Residency Requirement Upheld for Marijuana Cafes in the Netherlands; Case C-137/09

Last year, the European Court of Justice (“ECJ”) released its decision in Case C-137/09, Josemans v. Burgemeester van Maastricht, concerning restrictions on who is permitted to patronize restaurants and cafes which sell marijuana in the Netherlands.[1] While the Netherlands generally prohibits the possession of marijuana, certain establishments are permitted to sell small amounts of the drug so long as they comply with certain regulations.

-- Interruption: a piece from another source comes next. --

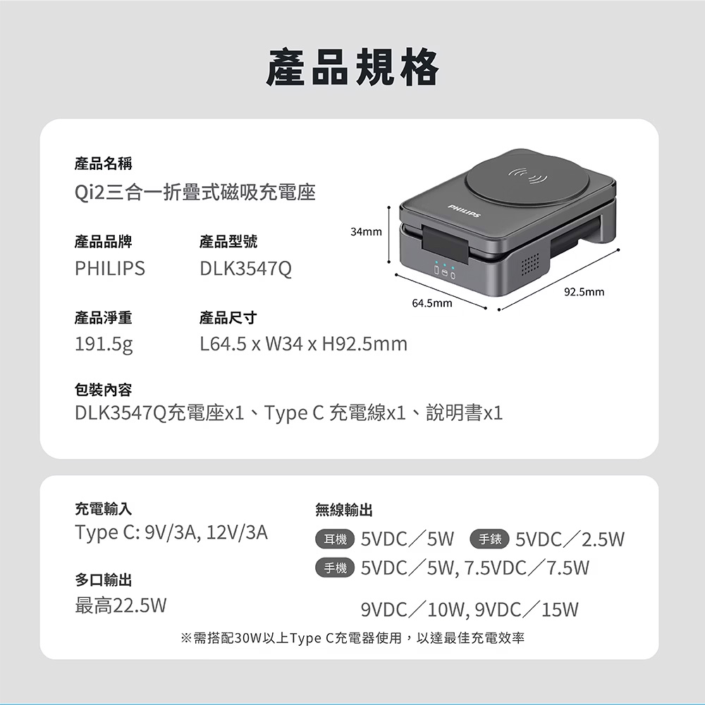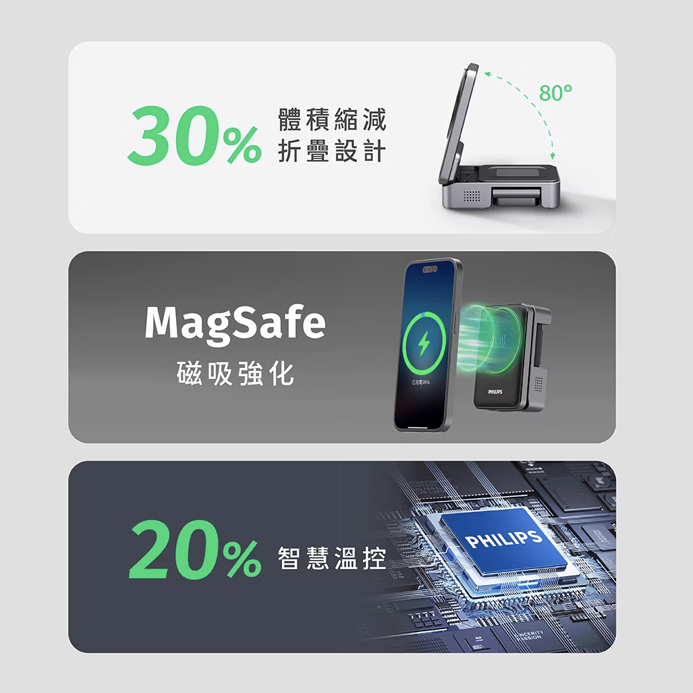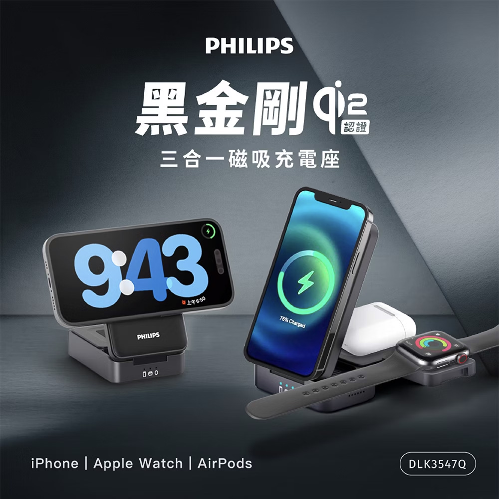 PHILIPS 飛利浦 Qi2 三合一磁吸充電座

Title III of the Treaty Establishing the European Community (“EC Treaty”) establishes the fundamental right of the free movement of citizens of each Member State throughout the European Union (“EU”), meaning that the Dutch restaurants and cafes which sell marijuana have become a magnet for those living in states where recreational marijuana use is more strictly prohibited.[2] In order to combat the “public nuisance” caused by an influx drug tourists, the municipal council of Maastricht imposed a requirement that cafes selling marijuana only allow Dutch residents to enter their establishments; Marc Michel Josemans, the owner of “Easy Going” coffee shop, brought a suit against the municipal council, claiming that the requirement violated, inter alia, Articles 12, 18 and 49 of the EC Treaty.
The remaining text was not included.